Pandas is widely used and has a very active development community contributing new features. If there is some kind of analysis you want to do on your data, chances are, it already exists. The [documentation for the pandas library](https://pandas.pydata.org/pandas-docs/stable/) is very good, and of course there is much help you can get from AI or Stack Overflow.

One important component of pandas is indexing and selecting components of the data. This is a extremely rich topic, so we'll only touch on it here. Please [consult the documentation](https://pandas.pydata.org/pandas-docs/stable/indexing.html) for more info.

In [None]:
# Columns can be selected using the `[]` operator, which accepts one column name or a list of several
# using two brackets [[ ]] ensures that the output is also a data frame

mpg_df[["cylinders", "car_name"]]

In [None]:
# pandas also allows selection using the `.column_name` notation
mpg_df.car_name

For selecting rows from the data there are two options:
- `.loc`: for selecting rows based on the _row label_
- `.iloc`: for selecting rows based on the _row number_

In the prior example, the row label and the row number are the same; often one wants to assign a label (a unique id) to each rows. In many cases, this would be something like a date or a user id.

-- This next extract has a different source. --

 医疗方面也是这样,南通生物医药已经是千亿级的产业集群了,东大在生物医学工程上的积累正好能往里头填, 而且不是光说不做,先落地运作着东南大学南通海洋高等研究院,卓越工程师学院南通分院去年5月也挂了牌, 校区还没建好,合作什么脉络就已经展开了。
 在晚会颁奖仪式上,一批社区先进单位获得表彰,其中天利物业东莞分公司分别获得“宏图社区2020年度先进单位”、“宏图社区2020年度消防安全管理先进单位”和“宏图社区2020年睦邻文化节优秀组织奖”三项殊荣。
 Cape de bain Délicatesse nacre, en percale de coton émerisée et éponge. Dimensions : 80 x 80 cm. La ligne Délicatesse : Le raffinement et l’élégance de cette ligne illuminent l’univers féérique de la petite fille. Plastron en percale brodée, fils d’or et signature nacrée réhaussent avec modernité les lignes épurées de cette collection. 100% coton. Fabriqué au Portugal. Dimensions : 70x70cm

Note: these two selectors can also be used to pick columns, but that's a bit less common.

In [None]:
# Returns row #5 -- the 6th row.  NB: it returns one row as a column!
mpg_df.iloc[5]

In [None]:
# Returns the first 6 rows
mpg_df.iloc[:6]

If we have _actual labels_ as an index for a dataframe, we can use `.loc` to select using values from that index

In [None]:
#Let's set the row label (index) to be the car name.  Note: these are not unique.
car_index_df = mpg_df.set_index("car_name", inplace=False)
#Now, let's see what we have for a couple car names
car_index_df.loc[["amc rebel sst", "plymouth fury iii"]]

One can also select those rows that match a particular condition. Say I want to only see those rows that have an acceleration less that 10 seconds

In [None]:
mpg_df[mpg_df.acceleration < 10]  #some of the classic muscle cars


What about operations on entire columns? This can make data munging much easier!  

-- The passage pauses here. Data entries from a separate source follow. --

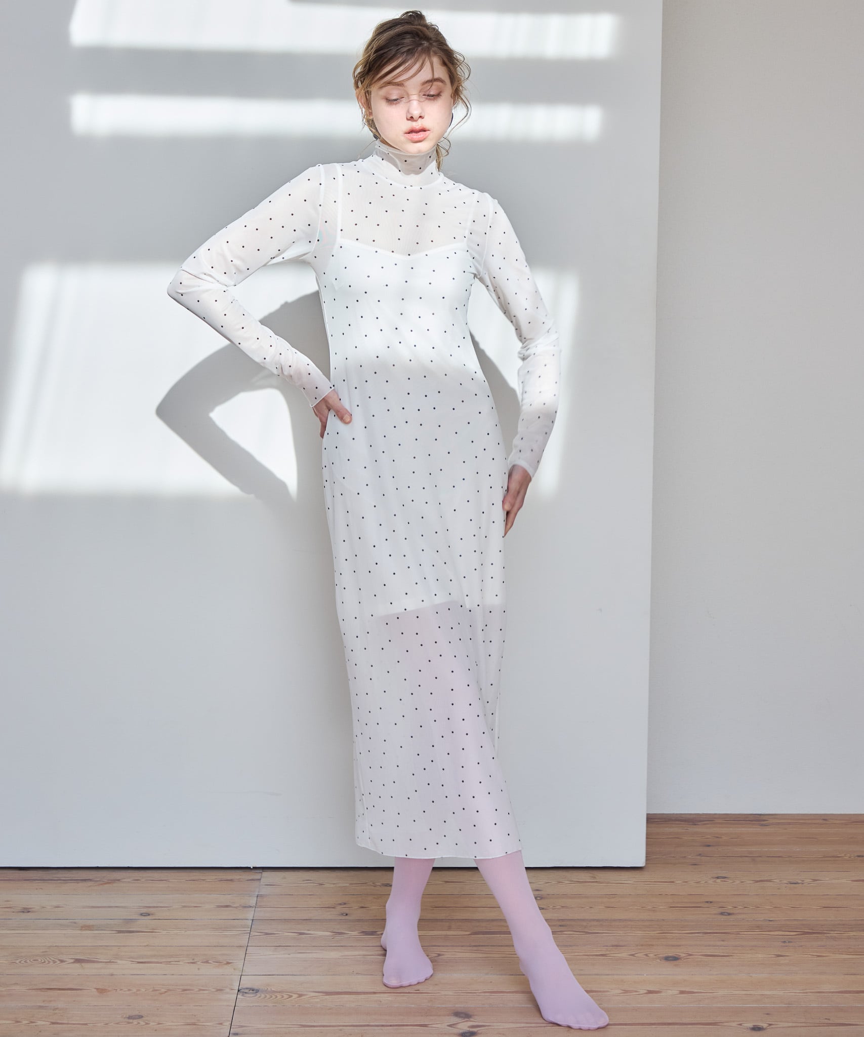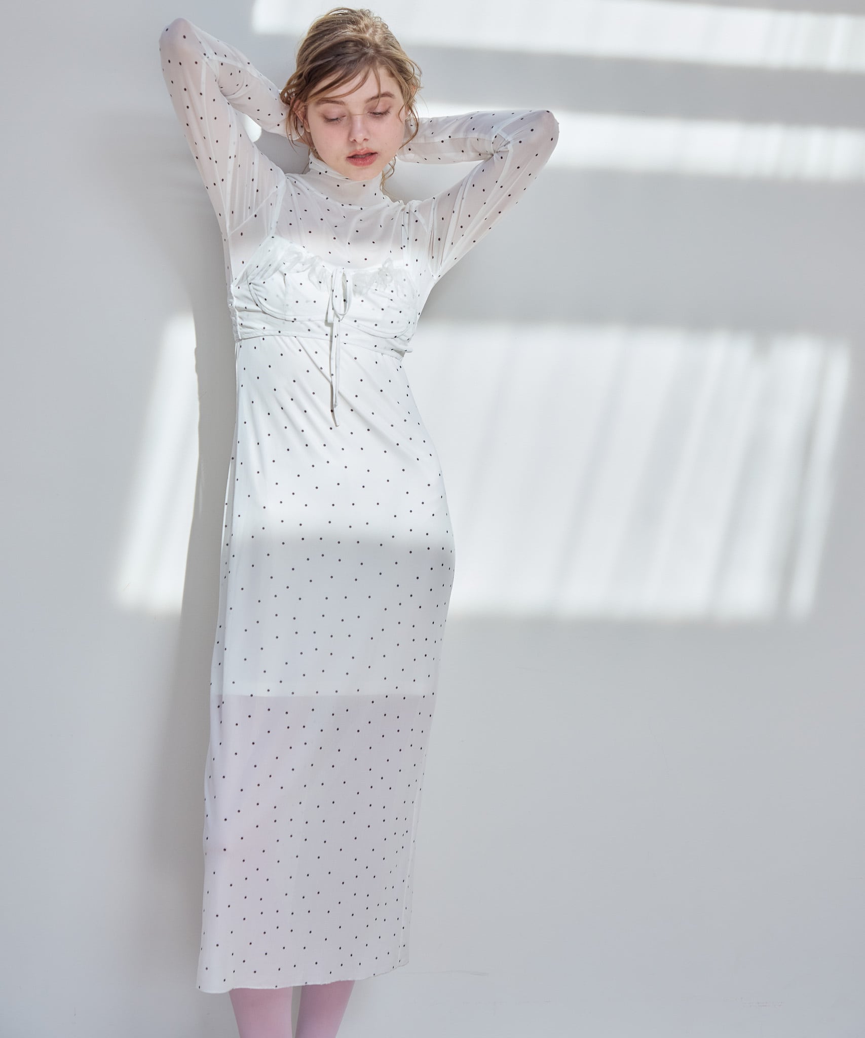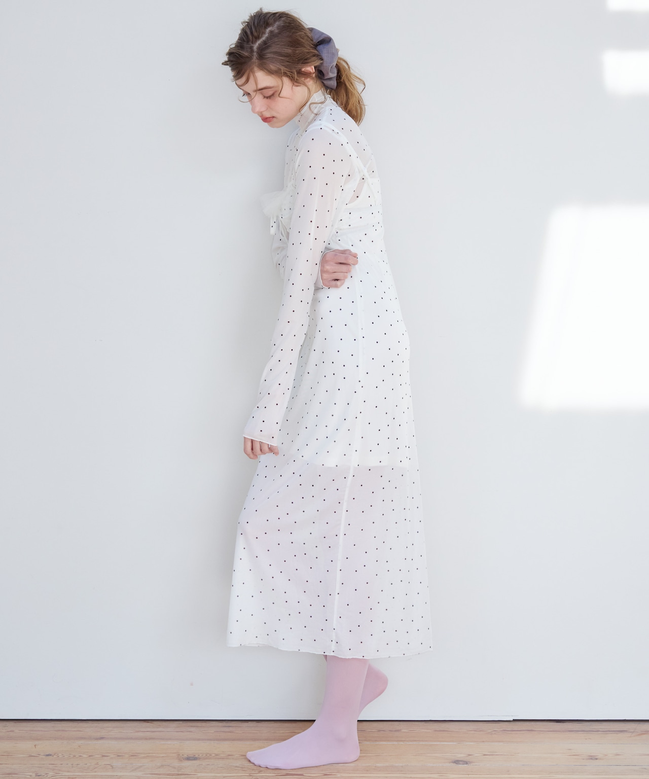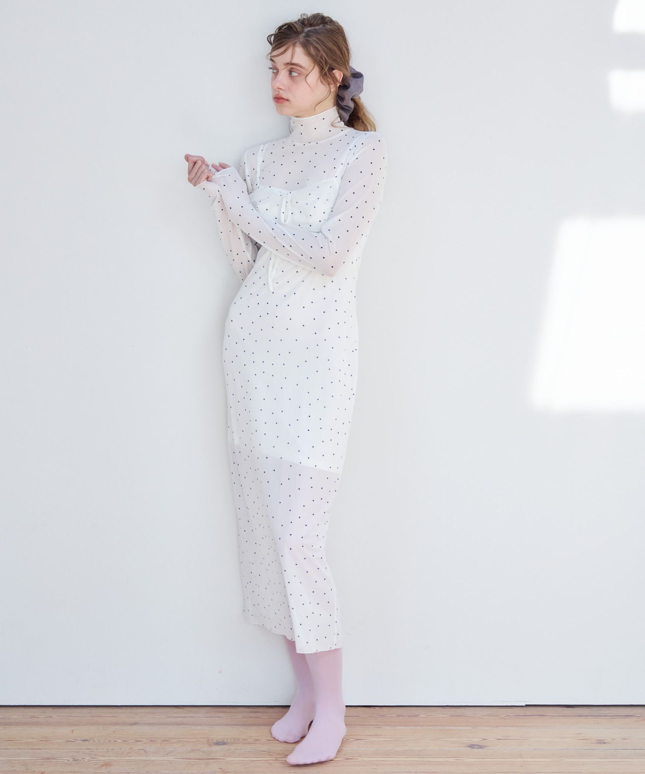 インナーキャミソールがついているのでワンピース1枚でお召いただけます。
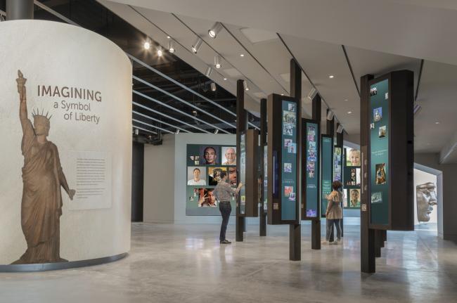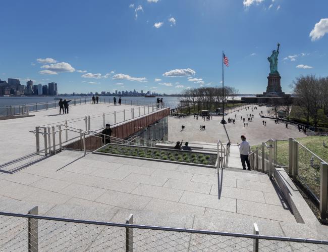自由女神像博物馆被设计为一个花园展馆,欢迎所有年龄、国籍和民族的游客。它位于自由岛官方步行街的北端,面向自由女神像有轻微的旋转。博物馆在连接其和雕像的主轴上,并通过通往屋顶的花岗岩楼梯将主轴延伸。游客的体验在一个戏剧性的花岗岩屋顶平台达到巅峰。在这里,访客可以畅通无阻的欣赏自由女神像、曼哈顿天际线和纽约港。
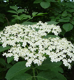 Schwarzer Holunder (Sambucus nigra): Der Schwarze Holunder ist ein robustes schnellwachsendes bis zu 5 m hoch werdendes einheimisches Wildobstgehölz, das an jedem Standort gedeiht. Blütezeit ist je nach Sorte von Juni bis Juli. Die stark duftenden crème-weissen oder rosa Blütendolden sind für Insekten (Nektar), aber auch für uns Menschen (z. B. für Sirup) von Nutzen. Der schwarze Holunder ist auch sehr gut als Kübelpflanze geeignet. Besonders dekorativ ist der farnblättrige Holunder ‘Black Lace®’ mit dem schwarzroten tief geschlitzten Laub.
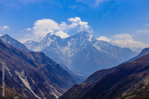 Himalaya mountains landscape with high altitude snow and ice glacier summit peaks. Everest Base Camp Solo Khumbu trekking region in Nepal. Beautiful Himalayas eight thouthander summits under blue sky

When preparing data for predictive modeling we do "feature engineering" -- creating new variables that we believe/hope will be predictive of some target.  

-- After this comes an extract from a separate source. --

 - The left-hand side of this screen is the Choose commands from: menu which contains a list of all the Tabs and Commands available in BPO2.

Let's calculate a new variable which is weight divided by displacement, and add it to the mpg_df data frame:


In [None]:
mpg_df["WoverD"] = mpg_df["weight"] / mpg_df["displacement"]
mpg_df[["weight","displacement","WoverD"]]



In [None]:
# identify the cars with the top 3 and bottom 3 WoverD values

print(mpg_df.nlargest(3, "WoverD"))
print(mpg_df.nsmallest(3, "WoverD"))


Extra Questions:
- Find the average horsepower of the 5 cars with the lowest MPG.  Also the highest.
- Create a new feature that says whether the car has MPG which is higher or lower than its median.   Plot a boxplot of horsepower against your new binary variable.